### Given records
════════════════════
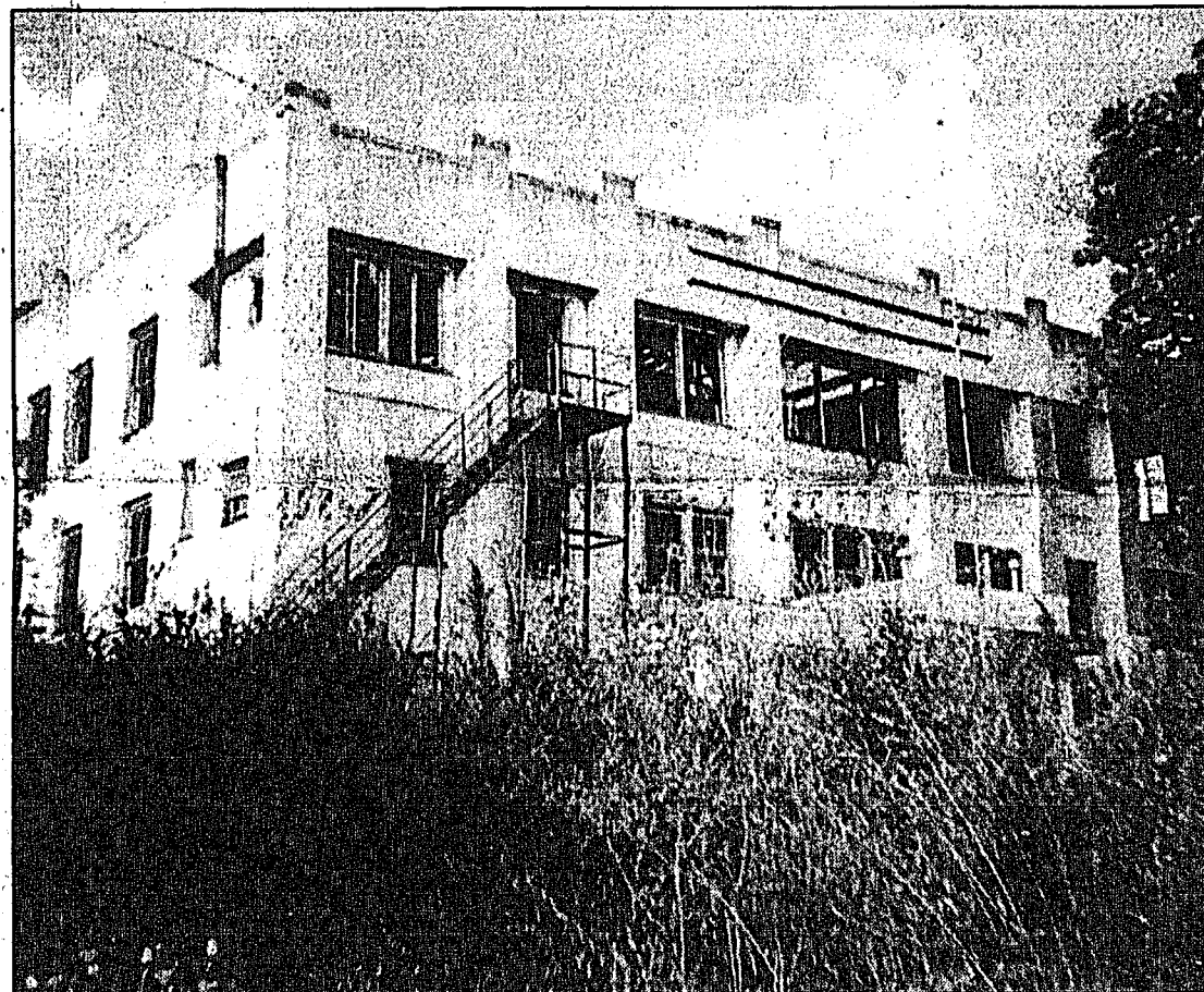
The HDO recommends demolition of Sealy Hospital bldg. after an engineer has advised against trying to restore it. What do you think? Let the HDO know how you feel about it.

The HDO is also making plans to sponsor the second annual Frontier Heritage Festival and World Championship Bison Cook-off. October 11 is the date set for the event which brought a large number of visitors to our town last year. Activities discussed for the festival included the return of the Cavalry unit, Comanche Indians, Crafts concerning the old west, Western, Art and food booths. Discussion of the festival will continue at the next meeting set for July 14.
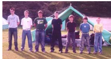
5 th Exeter
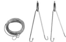
10 ft. Hanging Cable
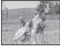
FC B&T's Sonndance Kid Rock
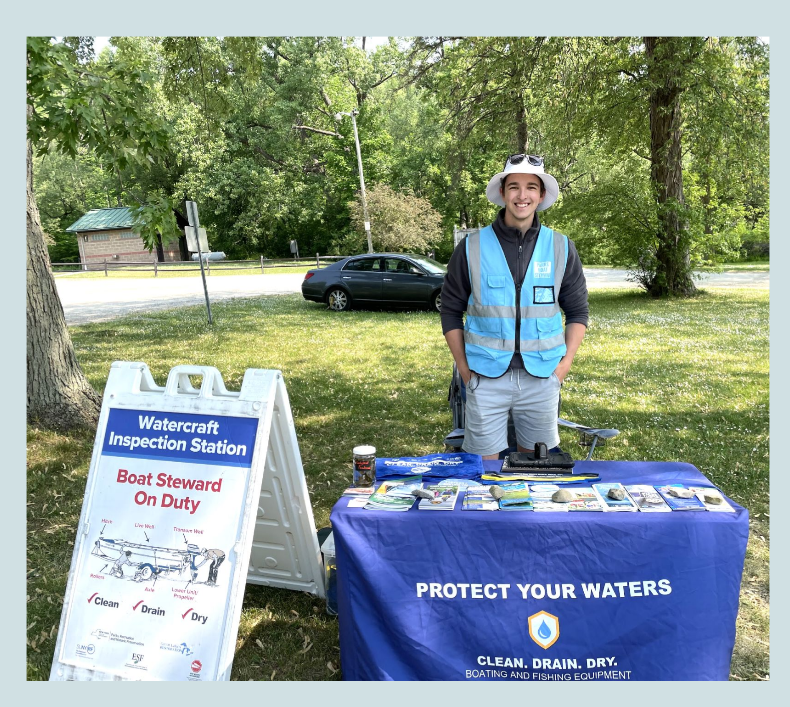
2023 steward Will ready for action!
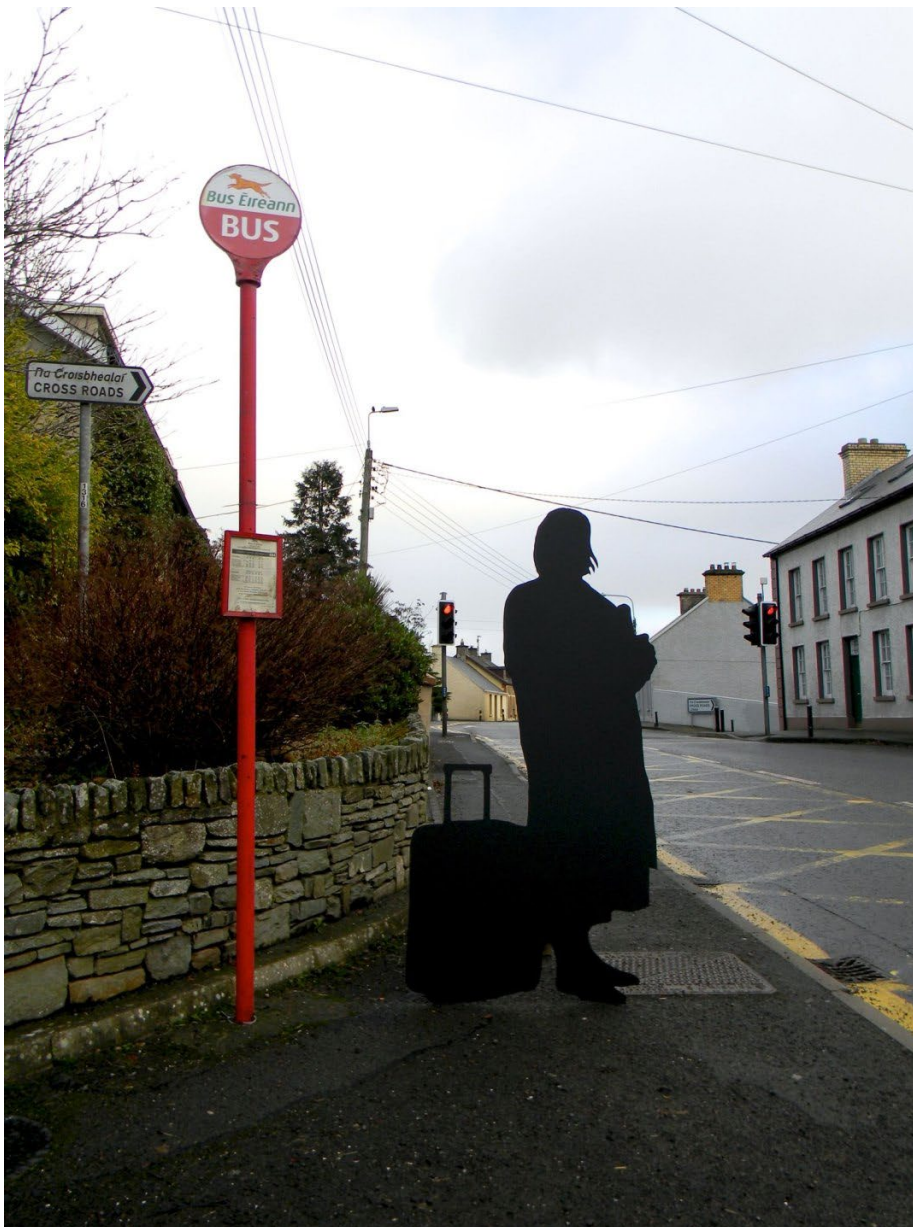
Figure 2. Out of the shadows

Source: https://willstleger.wordpress.com/2017/01/03/out-of-the-shadows/ Credit: Will St Leger, permission to use granted by the artist
════════════════════
### Task item
Omit each picture, then return all of the listing exactly as it stands.

### Task result
The HDO recommends demolition of Sealy Hospital bldg. after an engineer has advised against trying to restore it. What do you think? Let the HDO know how you feel about it.

The HDO is also making plans to sponsor the second annual Frontier Heritage Festival and World Championship Bison Cook-off. October 11 is the date set for the event which brought a large number of visitors to our town last year. Activities discussed for the festival included the return of the Cavalry unit, Comanche Indians, Crafts concerning the old west, Western, Art and food booths. Discussion of the festival will continue at the next meeting set for July 14.
5 th Exeter
10 ft. Hanging Cable
FC B&T's Sonndance Kid Rock
2023 steward Will ready for action!
Figure 2. Out of the shadows

Source: https://willstleger.wordpress.com/2017/01/03/out-of-the-shadows/ Credit: Will St Leger, permission to use granted by the artist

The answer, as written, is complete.